## [Excerpted data]
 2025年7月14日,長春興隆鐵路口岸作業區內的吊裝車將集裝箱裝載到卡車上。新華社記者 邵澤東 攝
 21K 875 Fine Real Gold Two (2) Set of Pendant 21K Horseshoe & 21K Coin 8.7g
...
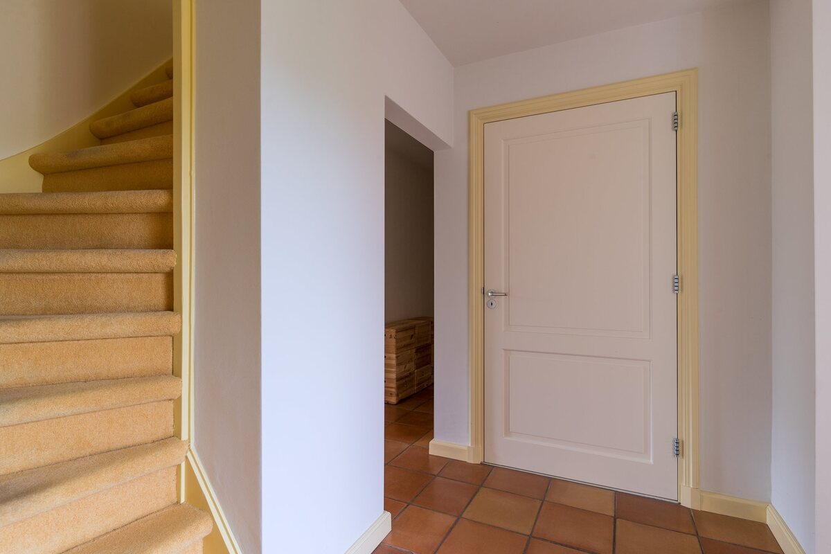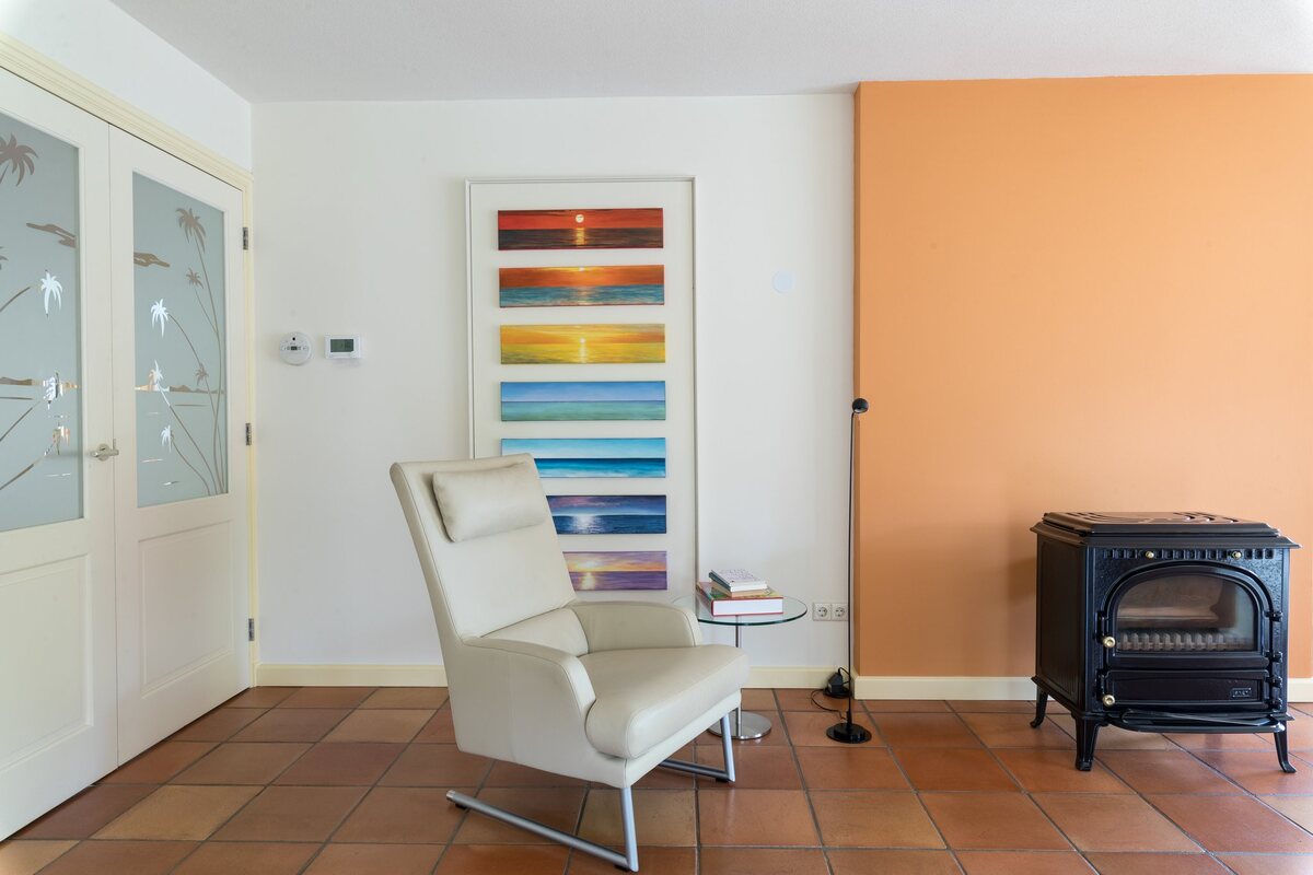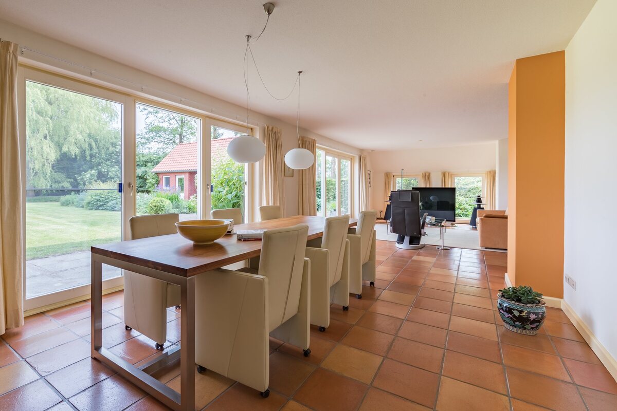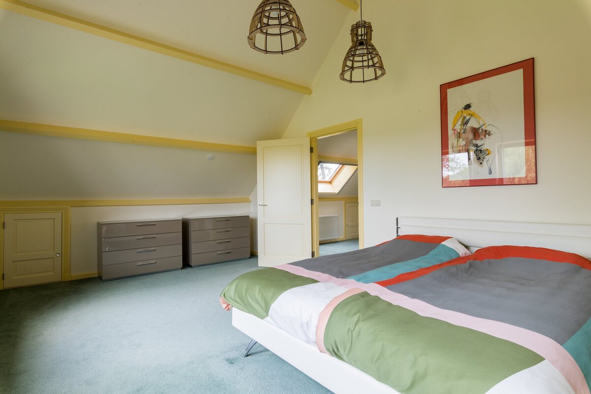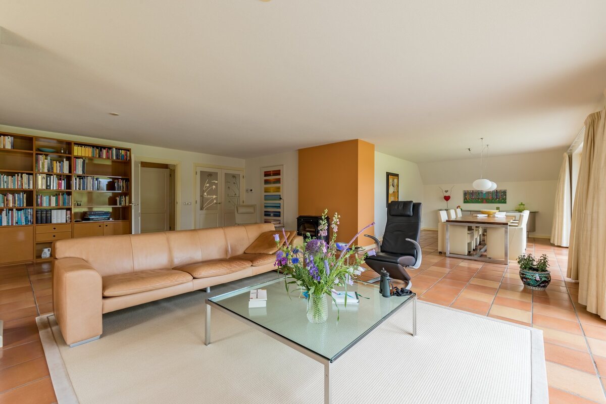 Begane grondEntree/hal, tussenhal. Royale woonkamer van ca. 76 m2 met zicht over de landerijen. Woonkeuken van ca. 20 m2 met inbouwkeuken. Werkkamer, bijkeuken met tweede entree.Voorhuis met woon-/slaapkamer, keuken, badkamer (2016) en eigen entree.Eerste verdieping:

## [Exercise]
Going down the listing above, begin printing at the line with "2025年7月14日,長春興隆鐵路口岸作業區內的吊裝車將集裝箱裝載到卡車上。新華社記者 邵澤東 攝" and finish with the line with "21K 875 Fine", exactly as they appear.

## [Answer to this exercise]
 2025年7月14日,長春興隆鐵路口岸作業區內的吊裝車將集裝箱裝載到卡車上。新華社記者 邵澤東 攝
 21K 875 Fine Real Gold Two (2) Set of Pendant 21K Horseshoe & 21K Coin 8.7g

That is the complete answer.